Hands-On Tutorial: What-If Analysis With Interactive Scoring¶
The interactive scoring feature of a Dataiku visual model enables anyone to run “what-if” analyses and compare multiple test cases from real or hypothetical situations. Learn how to use an interactive scoring tool that has been embedded in a dashboard with this hands-on exercise.
You will need a Dataiku DSS project with a dataset that you can use to create a predictive model. We will use the Haiku Starter project as an example. There are two ways you can import this project:
From the Dataiku DSS homepage, click +New Project > DSS Tutorials > General Topics > Haiku Starter.
Download the zip archive for your version of Dataiku DSS, then from the Dataiku DSS homepage, click +New Project > Import project and choose the zip archive you downloaded.
You should now be on the project’s homepage.
Go to the project’s list of dashboards, open the Analytic dashboard, and go to the What-If Analysis slide.
This slide contains an interactive scoring tile. The model underlying this tile predicts whether a customer of the Haiku T-Shirt company is a “high value” customer. We may be interested in assessing the likelihood that a new customer will become “high value” for various profiles.
Specifying a What-If Scenario¶
The left-hand side of the tile displays the interactive simulator where you can configure all the input features values. The right-hand side displays the result of the prediction, along with explanations of which features contribute most strongly to this prediction.
The default values are based on the training set for the model, and use the medians for numerical features and the most common values for categorical features. To create your own custom scenario, simply change the values:
The feature order_date_year_distinct is a count of the number of distinct years in which the customer has made an order. For a new customer, we won’t know this value, so click the Ignore feature button to not specify a value to the model.
Do the same for the features order_day_of_week_distinct and order_date_month_distinct.
The value for feature ip_address_country is “United States” and for ip_address_city it is “Tokyo”, because these were the most common values for each of these features, but it doesn’t make common sense. Change the value of ip_address_country to “Japan”.
Set ip_address_geopoint to Ignore feature.
We can see that this changes the predicted probability of the customer being “high value” from 24% to 28%.
The display for the prediction depends upon whether the model is a binary classification, multi-class classification, or regression. In this hands-on, the model is a binary classification problem and the display shows the model-predicted probability of each category and the classification threshold.
In a multi-class classification problem, the display shows the model-predicted probability of each category, and the predicted category.
In a regression problem, the display shows the model-predicted probability density function for the target, and the predicted value.
Comparing What-If Scenarios¶
A primary value of what-if analysis is to be able to compare differences scenarios. To do this in Dataiku DSS:
Click Add to Comparator.
Change ip_address_country and ip_address_city to “United States” and “New York”, respectively, then click Add to Comparator.
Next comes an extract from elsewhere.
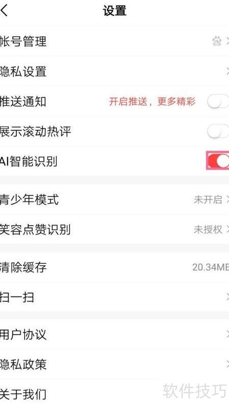 - 进入设置页面,点击AI智能识别中的开关按钮。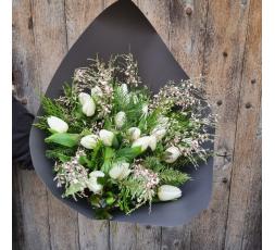 Bouquet de fleurs Cocon de Noël, composé de tulipes, de genêts blanc et de branches de conifères.

Change ip_address_country and ip_address_city to “France” and “Paris”, respectively, then click Add to Comparator.
Click Compare to open the comparator.
You can quickly see from the display how the probability of being “high value” changes from scenario to scenario.
Scrolling down the comparator display, you can quickly see which features are different across the scenarios; the features that are the same are greyed out.
Copying Values into a What-If Scenario¶
It is time consuming to manually update all the feature values in a scenario. You can copy rows from a DSS dataset into the interactive scoring tile to create a scenario.
The What-If Analysis slide has a dataset tile below the interactive scoring tile.
Right-click on a row in the dataset and select Copy row as JSON.
In the interactive scoring tile, click … and select Paste features, then follow the instructions in the dialog.
A dialog appears to confirm the values you will paste. Click Paste.